Thanks to our public funding for the application of artificial intelligence in Schleswig-Holstein (Northern Germany), we had the chance to talk to many independent developers and data scientists, institutions and small and medium-sized enterprises in the last half year and supported them in bringing their machine learning challenges from development to prototypical testing and productive use.
The challenges
In the process, three major challenges have come up again and again:
- Data Scientists want to share their locally developed models with colleagues for testing and prototypically integrate them into existing (server) infrastructure. However, these steps are very complex and often require the support of an additional team of devops, server specialists & developers, which not every company has on its side.
- There are already many well-functioning, pre-trained machine learning models for many use cases. For automating processes in companies, these can be used for prototyping and feasibility studies to test the use of AI in existing processes. Again, there is a lack of knowledge about the existence of these models, for which use case which models are suitable and how to integrate them into existing processes and systems.
- Some of our pilot partners process very sensitive customer data and map core processes with machine learning systems. They do not want these data and models to leave their own infrastructure. This excludes external servers and infrastructure providers (PaaS) for use and there is a lack of suitable open source tooling for use on their own servers.
Deriving a solution
After analyzing these challenges over and over again with our pilot partners over the last few months, we believe we know how to solve all of these problems together with the help of a toolbox and strategy - our master plan.
We want to let Data-Scientists focus on what they do best: Data-Science.
The commonality of the problems we are looking at is that many data scientists, and tech-savvy employees in mid-sized companies, have little problem trying out and, in the case of data scientists, developing statistical models on their local machine, but migrating those models to enterprise infrastructure and servers leads to a big question mark.
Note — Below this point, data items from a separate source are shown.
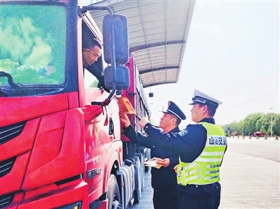 民警向过往司乘人员进行安全宣讲。 本报记者 韦婧 摄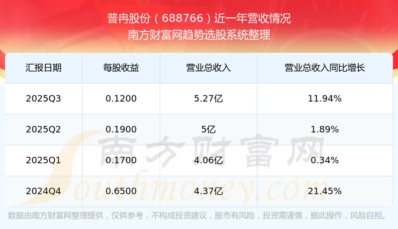 普冉股份发布2025年第三季度财报。实现总营收5.27亿元,同比增长11.94%;扣非净利润同比增长-86.28%至1042.95万元。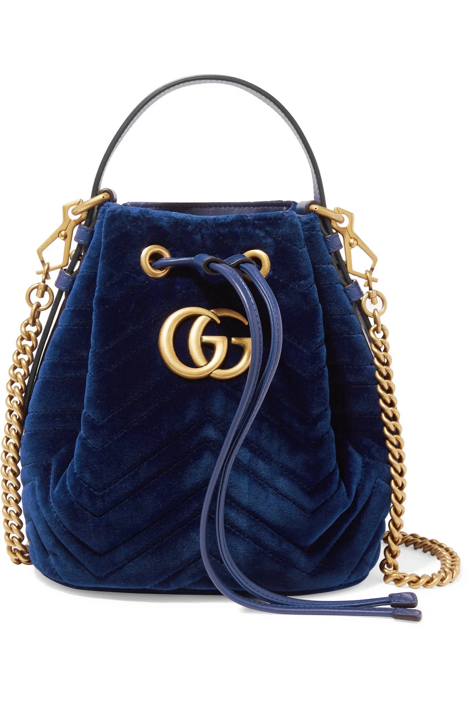 GG Marmont leather-trimmed quilted velvet bucket bag, Gucci €1,790 at net-a-porter.com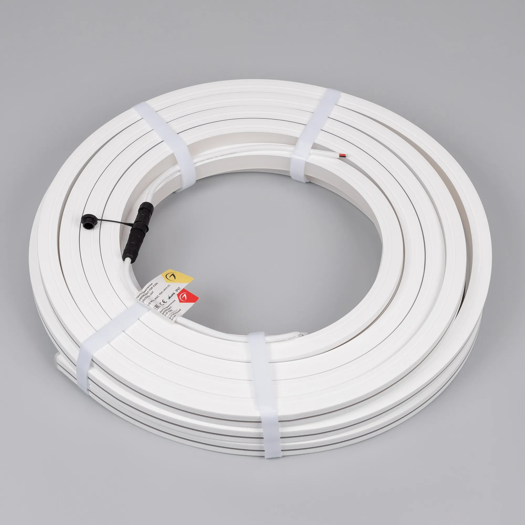 Гибкая герметичная лента (неон серии MOONLIGHT), сечение 20×20 мм. Светодиоды CSP 280 шт/м. Цвет свечения ТЕПЛЫЙ (3500К), индекс цветопередачи CRI>90, световой поток 435 лм/м, угол излучения 114°. Мощность 10 Вт/м, питание 24 В. Класс пылевлагозащиты IP67. Размеры 15000×20×20 мм. Мин. отрезок 50 мм. Вертикальный изгиб TOP, минимальный радиус изгиба 180 мм. Катушка 15 м. Цена за 1 м. Гарантия 5 лет.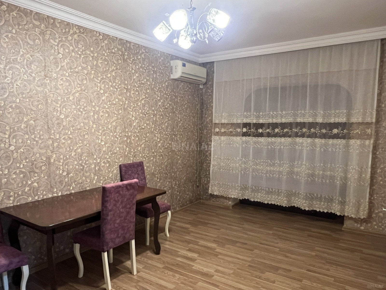 The house has just been renovated has never been lived in. Central heating system. The house is furnished. It is only available to a small family. The house is located very close to Nasimi metro station. You can call for more information.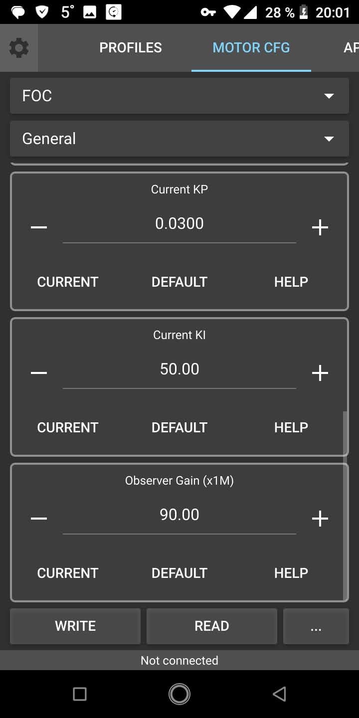 Выставляю фазный ток мотора 100 А - минимально комфортный для меня, мотор спокойно берет без нагрева.

This is because skills are needed that are not to be found in the area of data science, machine learning or process automation, but require many different skills in the area of IT, devops and server management. And the fact that these processes differ from programming language to programming language (R or Python) and machine learning model to machine learning model (e.g., different frameworks or computation on CPU or GPU) does not make it any easier.
A solution toolbox
We want to tackle these challenges piece by piece with end-to-end solutions we develop ourselves, test them with our pilot partners and thus enable small and medium-sized companies to automate their existing processes with the help of data science, statistics and machine learning. That way we develop a whole solution toolbox over time that in combination tackles all the challenges mentioned above.
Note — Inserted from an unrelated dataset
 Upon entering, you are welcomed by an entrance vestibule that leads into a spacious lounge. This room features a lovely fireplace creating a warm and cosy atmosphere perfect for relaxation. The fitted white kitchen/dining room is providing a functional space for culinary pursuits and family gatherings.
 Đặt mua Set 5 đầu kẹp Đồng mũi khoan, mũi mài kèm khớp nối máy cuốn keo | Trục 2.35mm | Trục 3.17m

The first products in this context will be:
- A R plugin with hosting infrastructure behind it for data scientists to develop their models in R and with one single function call, deploy their model to showcase to colleagues and partners via R Shiny, or alternatively include the model into an API with Plumber. On their own infrastructure or cloud infrastructure provided by us. No knowledge of servers, deployment, R Shiny or Plumber is required. We let Data-Scientists focus on what they do best: Data-Science.
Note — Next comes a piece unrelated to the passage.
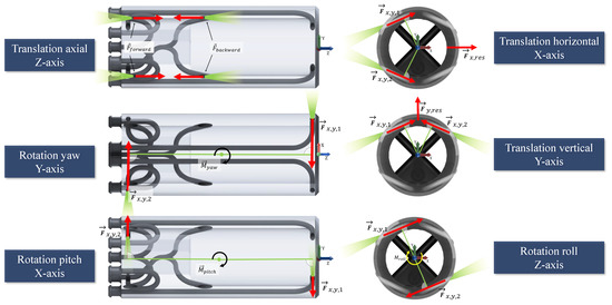 In Figure 14, one can see the routing of the channels of the Eeloscope in detail. The system is symmetrical with respect to the -plane and the -plane. This allows for the capability to actuate six DoF. The two red channels from nozzles and and the two green channels from nozzles and have individual feeding hoses, since their nozzles are used by multiple basic motions. The blue channel for nozzles and and the yellow channel for nozzles and whereas are splitting into four individual channels. This is possible since these channels are always used in a combined motion. As the routing of the liquid flows is entirely passive and rigid, it offers great potential for miniaturization. Currently, the channel diameters are sized to 3 mm. Due to the space saving routing, a hollow chamber in the center of the cylinder is available for placing sensors and end effectors. The design also features hollow passages along the whole z-axis, which allows the routing of further mediums e.g., compressed air for pneumatic actuators and data cables.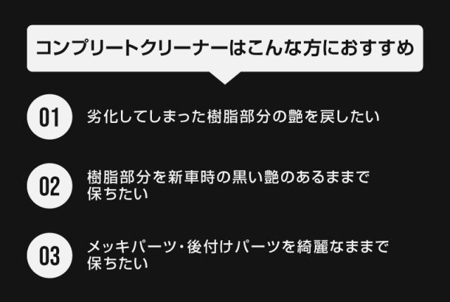 未塗装樹脂に塗り込むことで、劣化した部分の光沢を復活させます。

- A library of selected, high quality machine learning models and their use cases / integration scenarios with the ability to deploy them with one click on your own servers or on a GDPR compliant server provided by us. A big focus here is also NLP models in German language because this was already requested often by our pilot partners.
After successful development of these products, we will start developing other products for other programming languages (e.g. Python), frameworks and deployment challenges for process automation in small and medium sized enterprises.
Our goal is to enable all companies to easily integrate AI models into their own processes with just a few clicks. Even without a large tech team, expensive outsourcing or months of development.
One-last thing
Since these products all have in common that applications & AI models need to be hosted and updated on their own infrastructure in a privacy-compliant way, we will also make the infrastructure product behind it that we develop and share across the products available as an open-source tool, allowing companies to easily develop their own highly customized deployments and workflows based on our technology.